-- DATASET follows --

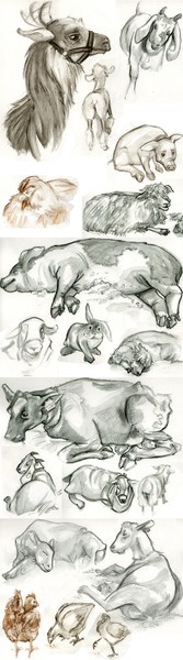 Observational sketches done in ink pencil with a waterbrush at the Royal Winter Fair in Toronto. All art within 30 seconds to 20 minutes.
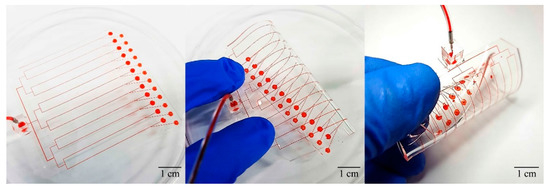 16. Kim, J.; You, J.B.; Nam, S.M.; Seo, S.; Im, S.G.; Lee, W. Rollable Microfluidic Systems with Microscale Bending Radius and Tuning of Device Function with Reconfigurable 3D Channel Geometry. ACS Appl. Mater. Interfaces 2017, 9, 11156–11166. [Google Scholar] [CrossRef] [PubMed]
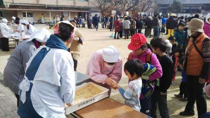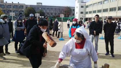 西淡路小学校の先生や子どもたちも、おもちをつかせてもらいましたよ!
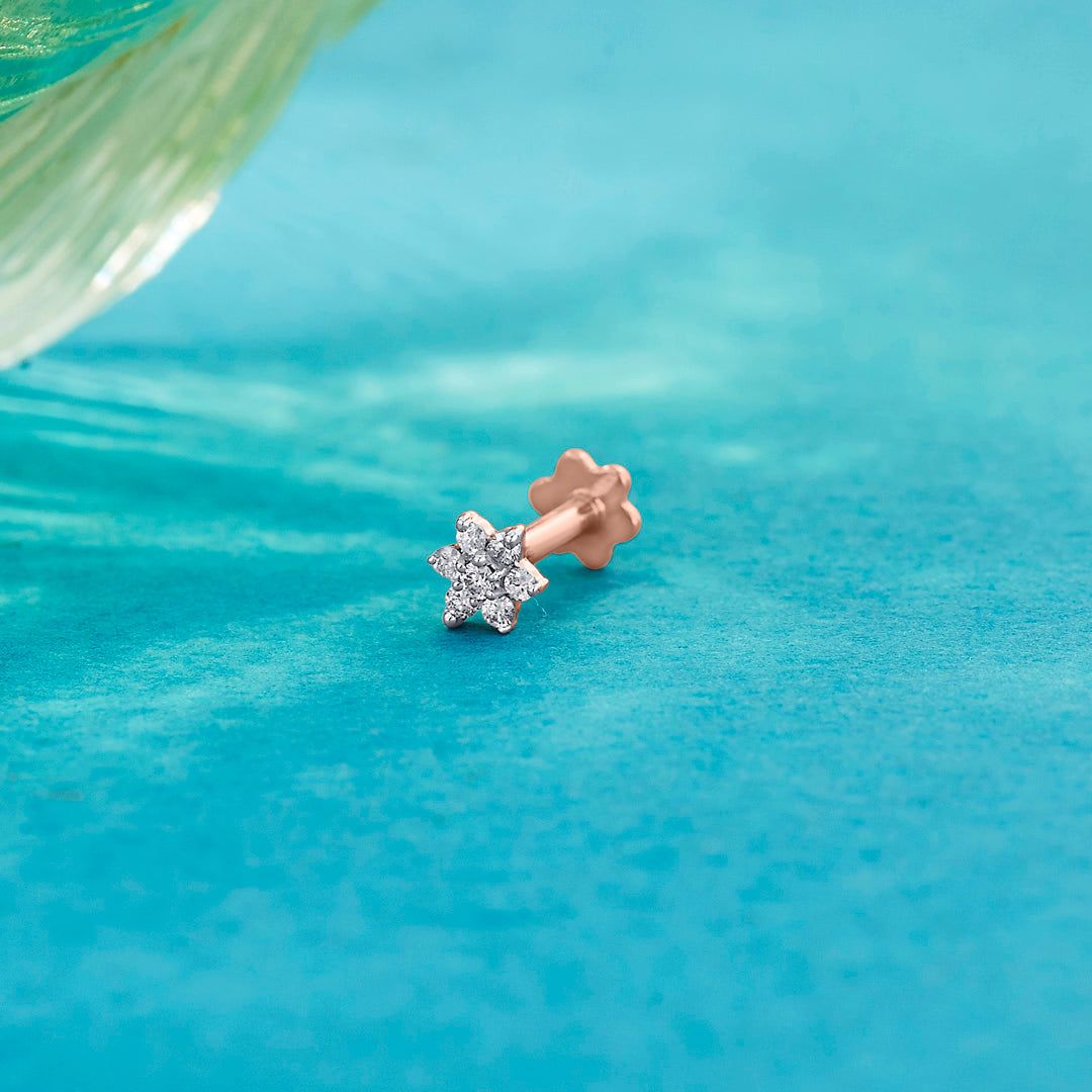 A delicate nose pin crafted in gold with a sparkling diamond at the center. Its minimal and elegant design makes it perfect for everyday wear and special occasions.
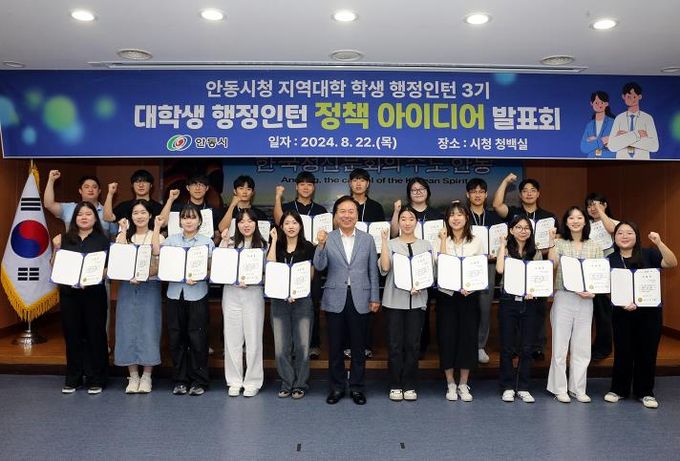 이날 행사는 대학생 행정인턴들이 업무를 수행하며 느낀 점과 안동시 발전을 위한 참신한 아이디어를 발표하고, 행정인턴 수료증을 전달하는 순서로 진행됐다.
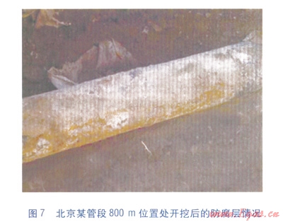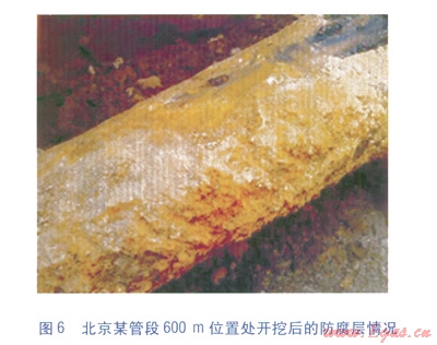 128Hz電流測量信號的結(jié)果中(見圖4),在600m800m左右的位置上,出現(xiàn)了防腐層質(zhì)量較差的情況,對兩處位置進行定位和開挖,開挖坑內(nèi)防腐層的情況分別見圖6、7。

-- DATASET concluded --

● **WORK ORDER**
Word for word, copy all the entries above, but with no pictures.

● **ANSWER FOR THE TASK**
 Observational sketches done in ink pencil with a waterbrush at the Royal Winter Fair in Toronto. All art within 30 seconds to 20 minutes.
 16. Kim, J.; You, J.B.; Nam, S.M.; Seo, S.; Im, S.G.; Lee, W. Rollable Microfluidic Systems with Microscale Bending Radius and Tuning of Device Function with Reconfigurable 3D Channel Geometry. ACS Appl. Mater. Interfaces 2017, 9, 11156–11166. [Google Scholar] [CrossRef] [PubMed]
 西淡路小学校の先生や子どもたちも、おもちをつかせてもらいましたよ!
 A delicate nose pin crafted in gold with a sparkling diamond at the center. Its minimal and elegant design makes it perfect for everyday wear and special occasions.
 이날 행사는 대학생 행정인턴들이 업무를 수행하며 느낀 점과 안동시 발전을 위한 참신한 아이디어를 발표하고, 행정인턴 수료증을 전달하는 순서로 진행됐다.
 128Hz電流測量信號的結(jié)果中(見圖4),在600m800m左右的位置上,出現(xiàn)了防腐層質(zhì)量較差的情況,對兩處位置進行定位和開挖,開挖坑內(nèi)防腐層的情況分別見圖6、7。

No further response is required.